Officials preview recovery process as SQF Complex becomes largest fire in Tulare County history

FRESNO, Calif. (KFSN) -- Tulare County Fire Chief Charlie Norman stated a sobering fact at Tuesday's county board of supervisors meeting.

The SQF Complex, made up of the Castle and Shotgun fires, is now the largest fire in Tulare County history.

It's also the most destructive, with 173 homes and cabins lost, and dozens of smaller structures also gone.

Norman says residents are anxious to return.

"We want to make sure we get people up there," Norman said. "And that's what people are restless about."

Crews are not only still fighting the blaze.

They're also clearing debris and hazardous trees to make the mountain communities safe to return to once evacuation orders are lifted.

As far as the overall recovery effort, Chief Norman says there are basically two groups of people who will need help in the weeks and months to come.

There are those going back to homes and cabins that were saved in communities like Camp Nelson and Ponderosa.

And those who lost their properties in Cedar Slope, Alpine Village, and Sequoia Crest.

"The populated communities will have water systems, environmental health concerns that we can try and take care of before they go back into the structure," Norman said. "The other ones are going to be a total structure loss where they're going to need building services, cleanup, and also environmental health to make sure they can start the rebuilding process."
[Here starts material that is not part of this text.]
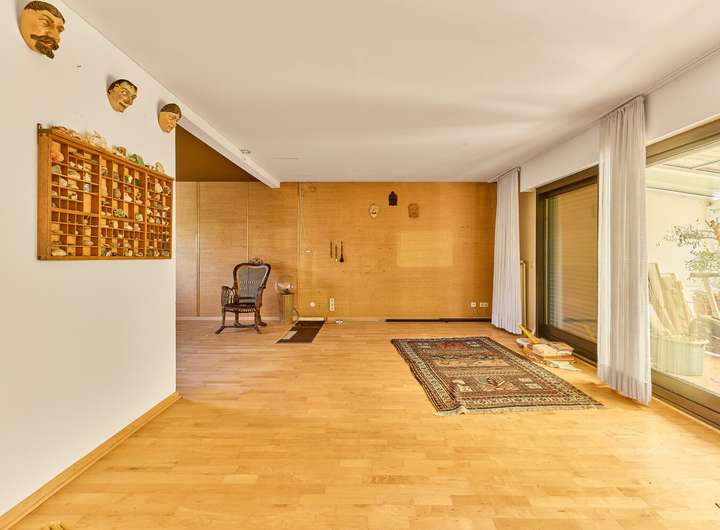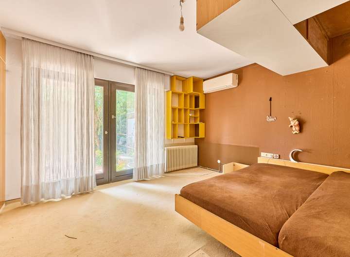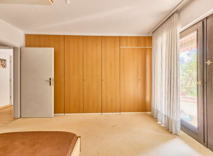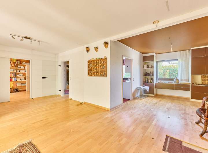 Die untere Wohneinheit von ca. 140m² ist aktuell leerstehend und bietet mit ihren vier gut geschnittenen und dem großzügigen Wintergarten Zimmern viel Raum für individuelle Wohnträume. Große Fensterflächen lassen viel Licht herein und schaffen eine angenehme Wohnatmosphäre. Durch den direkten Zugang zum uneinsehbaren Garten wird das Wohnen hier zu einem besonderen Erlebnis – ideal für Familien, Paare oder auch als großzügige Einzelwohnung mit Büro oder Atelier.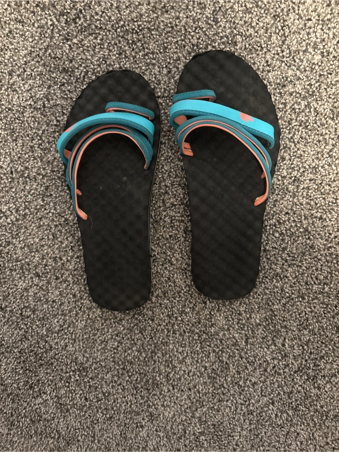 The North Face flip flops in black with teal and coral straps. Comfortable and casual for everyday wear. Perfect for the beach or poolside! Womens size 8, like new condition.

Amelia Marshall's family cabin in Sequoia Crest was consumed by the Castle Fire on September 13th.

"We just crossed our fingers and luck was not with us, nature took over," Marshall said.

Marshall knows fires tend to leave behind a toxic mess, so hopes professional teams can haul the hazardous material out before it has an opportunity to seep into the ground below.

She's also optimistic that other phases of the recovery process will be as painless as possible.

"Many of our neighbors in the affected mountain communities have been talking about their desire to rebuild with fire resistant materials," she said. "So we are hoping that the public agencies in the counties will streamline the process of people getting building permits that are affordable so those fine communities can be restored."

Recovery efforts may just be starting, but Tulare County has formed a recovery task force and also set up a new website with resources for those affected by the SQF Complex.